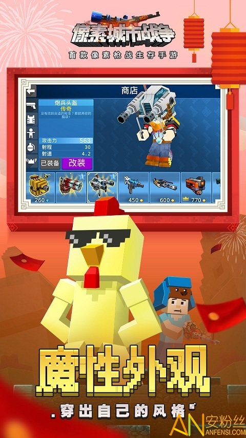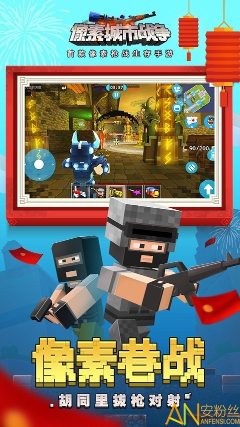 (a).13种超棒的多人游戏模式:团队死斗、自由PVP战斗、像素猎人、坦克战、街头竞速和感染僵尸模式。
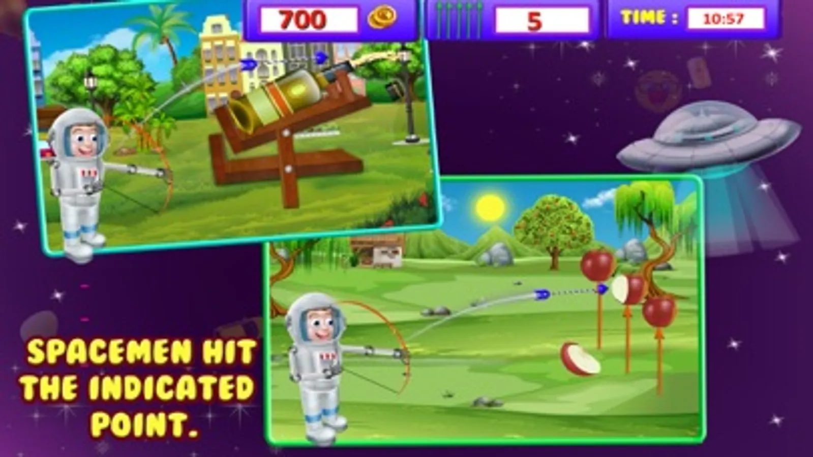 • Thrilling arrow shooting game and hitting game
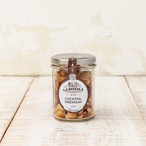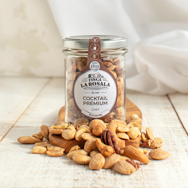 Cocktail compuesto de cacahuetes sin piel (50%), almendras Valencia sin piel (25%), anacardos (15%), pecana (10%), aceite de oliva virgen extra, sal y pimentón de la Vera.
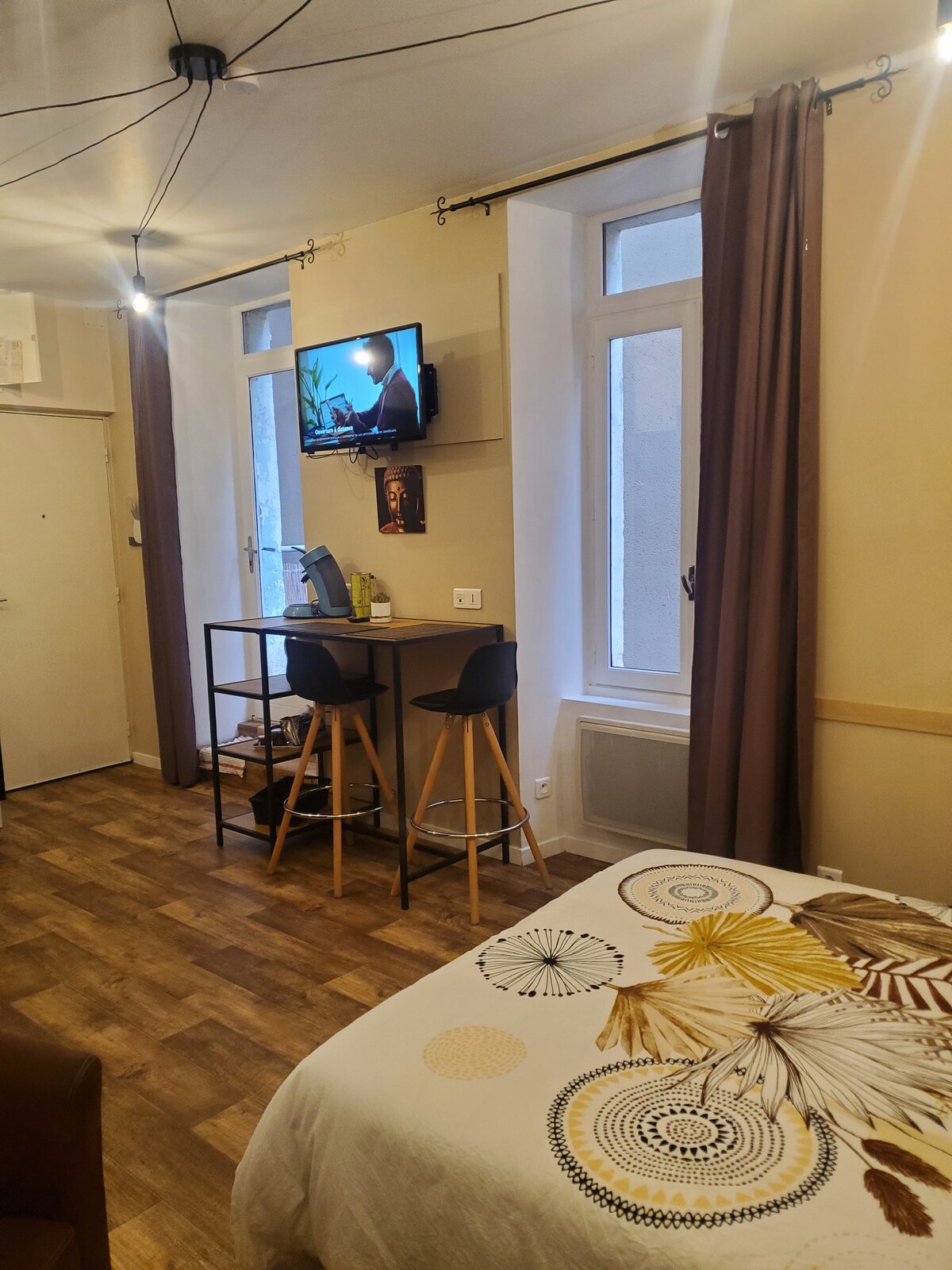 Lejligheden på 40 m² ligger i en rolig lille gågade nær Place Foch. Boligen ligger på første sal. Den omfatter et køkken og opholdsområde med sofa, et badeværelse (bruser og toilet) og et soveværelse med dobbeltseng. Indgangen er uafhængig. Fælles områder: Vi bor ved siden af, men under opholdet kan du benytte den lille gårdhave med havebord og stole samt et vaskerum med vaskemaskine og til cykler eller andet.
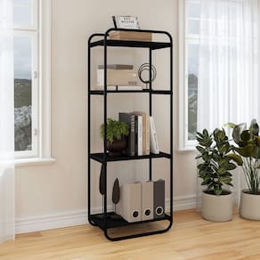 O(a) Estante para Livros Criare 4 Prateleiras Preto - Art Panta é produzido em Aço na escala de brilho Semi-Brilho, e possui um grau de dificuldade de montagem: Médio.
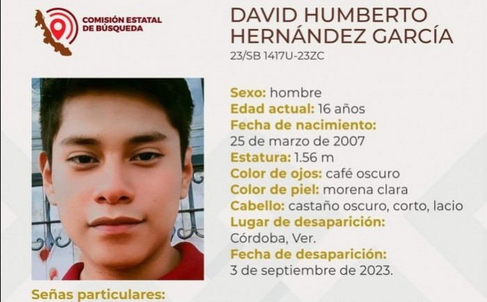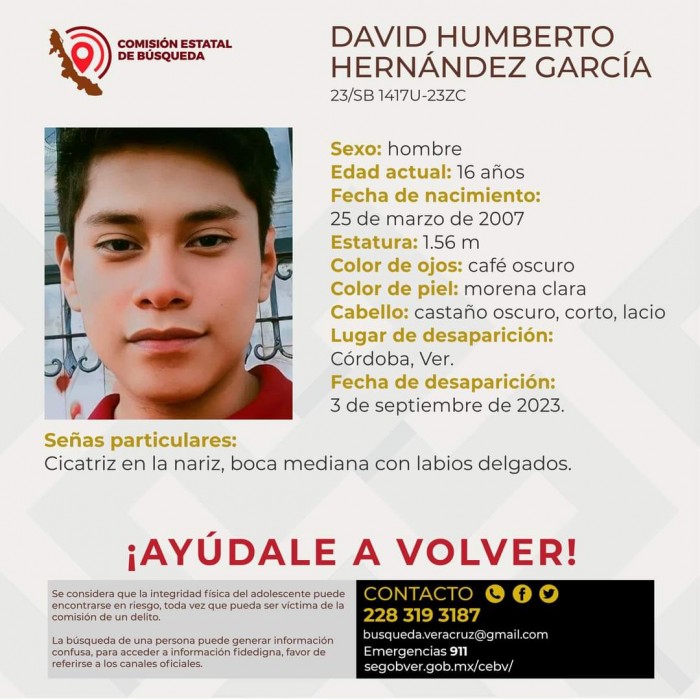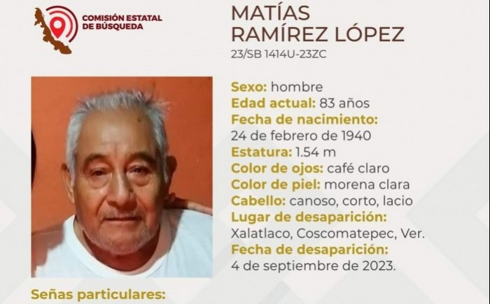 Córdoba, Ver.- (AVC) Luego de que perdieron completa comunicación con sus familias desde el 03 y 04 de Septiembre del presente, la Comisión Estatal de Búsqueda de Veracruz, ha reportado como desaparecidos a dos hombres, entre ellos un menor de 16 años de edad originario de Córdoba y otro de 83 con domicilio en Coscomatepec de Bravo. El adulto mayor Matías Ramírez López de 83 años y con domicilio en Localidad Xalatlaco, municipio de Coscomatepec de Bravo, desapareció el lunes 04 de septiembre, mismo que requiere atención especializada, sordera parcial, lunar al lado izquierdo de la frente y cicatrices en ambas piernas, además de que tiene una estatura de 1.54 metros, ojos café claros, de tez morena clara y con cabello canoso, corto y lacio. El adolescente David Humberto Hernández García de 16 años y con domicilio en Córdoba, desapareció el domingo 03 de septiembre, y tiene una cicatriz en la nariz, boca mediana con labios delgados, además de que tiene una estatura de 1.56 metros, ojos café oscuros, de tez morena clara y con cabello castaño oscuro, corto y lacio. Las familias de ambas personas ya interpusieron una denuncia por desaparición ante la Fiscalía Especializada, además de que solicitaron el inmediato apoyo de la población en general para su pronta ubicación.
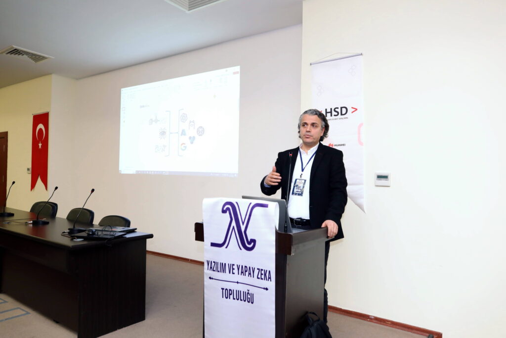 Gaziantep Üniversitesi (GAÜN) Yazılım ve Yapay Zeka Topluluğu ile Huawei Student Developers iş birliğiyle düzenlenen “Sanayide Yapay Zeka ve Uygulamaları” etkinliği, Mühendislik Dekanlığı Konferans Salonu’nda gerçekleştirildi.
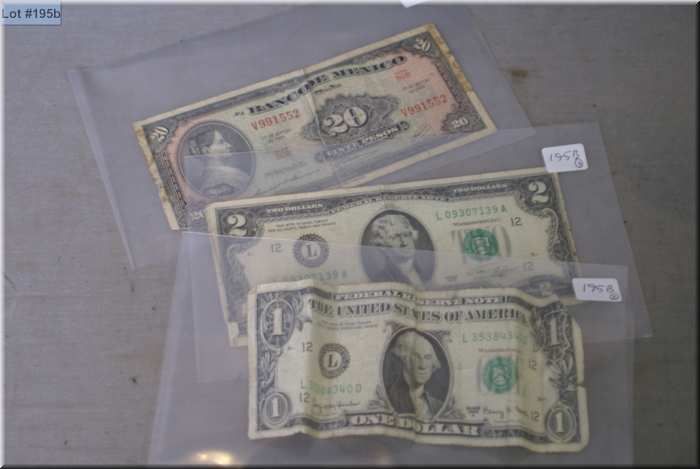 1976 US two dollar bill, 1963 US one dollar bill and a 1969 Mexican twenty peso note

Problem description: Every entry above should be given again exactly, with no images included.

Solution to the exercise:
 (a).13种超棒的多人游戏模式:团队死斗、自由PVP战斗、像素猎人、坦克战、街头竞速和感染僵尸模式。
 • Thrilling arrow shooting game and hitting game
 Cocktail compuesto de cacahuetes sin piel (50%), almendras Valencia sin piel (25%), anacardos (15%), pecana (10%), aceite de oliva virgen extra, sal y pimentón de la Vera.
 Lejligheden på 40 m² ligger i en rolig lille gågade nær Place Foch. Boligen ligger på første sal. Den omfatter et køkken og opholdsområde med sofa, et badeværelse (bruser og toilet) og et soveværelse med dobbeltseng. Indgangen er uafhængig. Fælles områder: Vi bor ved siden af, men under opholdet kan du benytte den lille gårdhave med havebord og stole samt et vaskerum med vaskemaskine og til cykler eller andet.
 O(a) Estante para Livros Criare 4 Prateleiras Preto - Art Panta é produzido em Aço na escala de brilho Semi-Brilho, e possui um grau de dificuldade de montagem: Médio.
 Córdoba, Ver.- (AVC) Luego de que perdieron completa comunicación con sus familias desde el 03 y 04 de Septiembre del presente, la Comisión Estatal de Búsqueda de Veracruz, ha reportado como desaparecidos a dos hombres, entre ellos un menor de 16 años de edad originario de Córdoba y otro de 83 con domicilio en Coscomatepec de Bravo. El adulto mayor Matías Ramírez López de 83 años y con domicilio en Localidad Xalatlaco, municipio de Coscomatepec de Bravo, desapareció el lunes 04 de septiembre, mismo que requiere atención especializada, sordera parcial, lunar al lado izquierdo de la frente y cicatrices en ambas piernas, además de que tiene una estatura de 1.54 metros, ojos café claros, de tez morena clara y con cabello canoso, corto y lacio. El adolescente David Humberto Hernández García de 16 años y con domicilio en Córdoba, desapareció el domingo 03 de septiembre, y tiene una cicatriz en la nariz, boca mediana con labios delgados, además de que tiene una estatura de 1.56 metros, ojos café oscuros, de tez morena clara y con cabello castaño oscuro, corto y lacio. Las familias de ambas personas ya interpusieron una denuncia por desaparición ante la Fiscalía Especializada, además de que solicitaron el inmediato apoyo de la población en general para su pronta ubicación.
 Gaziantep Üniversitesi (GAÜN) Yazılım ve Yapay Zeka Topluluğu ile Huawei Student Developers iş birliğiyle düzenlenen “Sanayide Yapay Zeka ve Uygulamaları” etkinliği, Mühendislik Dekanlığı Konferans Salonu’nda gerçekleştirildi.
 1976 US two dollar bill, 1963 US one dollar bill and a 1969 Mexican twenty peso note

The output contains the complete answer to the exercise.